March 8, 2002
Gaithersburg Holiday Inn
Microbiology Devices Advisory Panel Meeting
March 8, 2002
L. Wilson, M.D., Chair
Health Medical Center
G. Beavis, M.D.
A. Koutsky, Ph.D.
T. Durack, M.D., Ph.D.
Department of Health
Medicine & Dentistry of New Jersey
for Disease Control and Prevention
Unger, Ph.D., M.D.
Disease Control and Prevention
Steven I. Gutman,
of Clinical Laboratory Devices
Office of Device
Thomas E. Simms
Scientist, Virology Branch
Clinical Laboratory Devices
Surveillance and Biometrics
Charles M. Fleischman, President, Digene Corporation,
began his presentation by stating
that the Hybrid Capture 2 device used in conjunction with the Pap smear provides
better clinical medicine than the Pap alone and that the device is better at
detecting disease than the Pap alone. He
emphasized that they are seeking approval for the device used with the Pap smear
for screening women age 30 and older.
Mark Del Vecchio, Director, Regulatory and Clinical Affairs, Digene
Corporation, introduced the
sponsor’s representatives and provided an overview of the major discussion
points. Mr. Del Vecchio described the current approved claims for the device and
the proposed intended use.
F. Xavier Bosch, Chief, Epidemiology and Cancer Registry, Institut
Catala d’Oncologia, Barcelona, Spain, an investigator for Digene Corp.,
reviewed the scientific literature on the associations between various risk
factors and cancer. He stated that
HPV DNA has been found in virtually all cases of cervical cancer; that the
scientific consensus is that HPV is a necessary, but not sufficient, cause of
cervical cancer; that the absence of HPV means lower risk for cervical cancer;
and that the presence of HPV means increased risk.

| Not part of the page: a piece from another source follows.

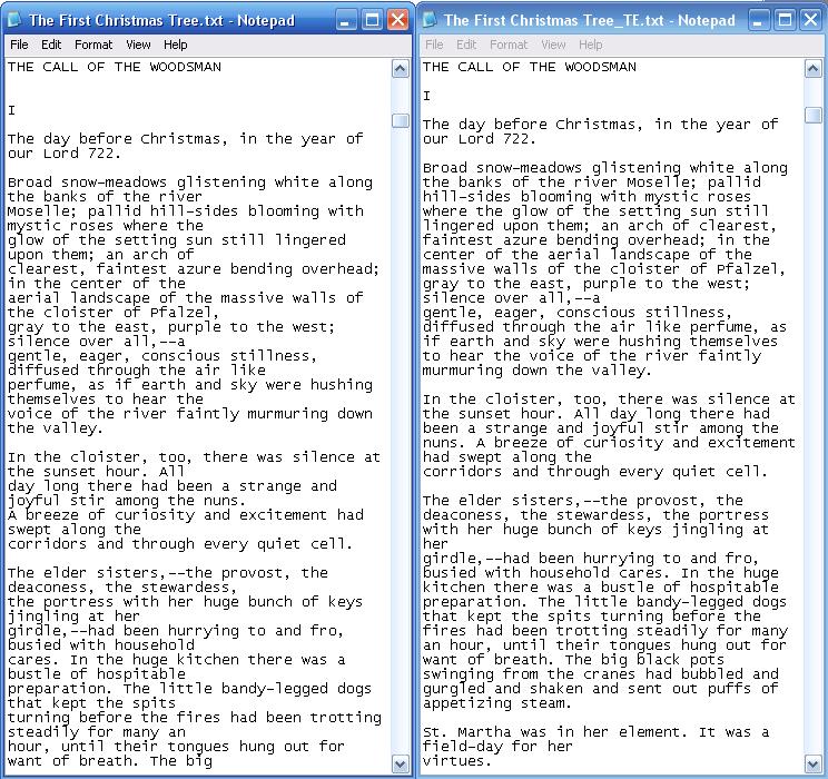 TextEbookify (c) Dan Klein (aka Schmads) TextEbookify (download) removes extra carriage returns from TXT format ebooks that were formatted for reading on a fixed width display. Typically most files like this have an extraneous newline every ~80 characters. Reading files formatted in this manner on a portable reading device tends to be irritating, as you have a lot of un-needed carriage returns breaking up your lines. Usage Please note that this is a command-line interface program. You don't have to run it from the commandline, though. You can add a shortcut to your SendTo folder or drag-drop the text file onto the executable. No installer is included (or needed), though this is a C# program built on the .NET 2.0 framework, so you'll need to get that if you don't have it already. After completion, you will find a new file next to the original one, with _TE appended to the original name. If it is unable to process the file, it will show an error. Example Approximate example simulated with Notepad using word

Walter Kinney, M.D., Division of Gynecologic Oncology, TPMG
Sacramento, a Consultant to Digene
Corp., presented data from an HMO-based study on clinical utility of combining
cervical cytology and HPV testing. He
noted that because invasive cancer is not an option for an endpoint, CIN2+ was
used as the clinically relevant endpoint instead. Patients who tested negative for HPV received reassurance;
those testing positive received guidance on follow-up testing and compliance.
In his opinion, the study demonstrated that the clinical value of the
test outweighs the perceived negatives of having to educate patients about the
implications of testing positive for HPV. Dr.
Kinney also presented data from other studies, including data from the IARC
study, which pooled data from 10 sites outside the United States.
He concluded by stating that the additional information that high-risk
HPV testing provides is useful to clinicians in many ways and that in settings
in which screening intervals of more than 1 year are recommended, the presence
of high-risk HPV in women age 30 and older helps identify patients who might
benefit from annual Pap smears.
Attila T. Lörincz, Ph.D., Senior Vice President and Chief
Scientific Officer, Digene Corporation discussed the clinical data in support of
the sponsor’s amended PMA. He
described the inclusion criteria for the eight studies selected and stated that
all eight studies were conducted under rigorous protocols.
He described the target condition, which was histologically confirmed
high-grade disease, including cancer. When
data were available; CIN2+ was included in the definition of high-grade disease.
The clinical goal, he stated, is to identify women at increased risk and
to direct appropriate patient management to remove high-grade disease before
cervical cancer develops. Dr. Lörincz
described the specimen-collection devices and provided details on the
Portland/Kaiser study, which he said supports the proposed claim even without
the data from the other studies. He
presented information on HPV detection using cervical lavage methods, the
applicability of the foreign studies to the U.S. population, and other
considerations pointing to the strength of the studies.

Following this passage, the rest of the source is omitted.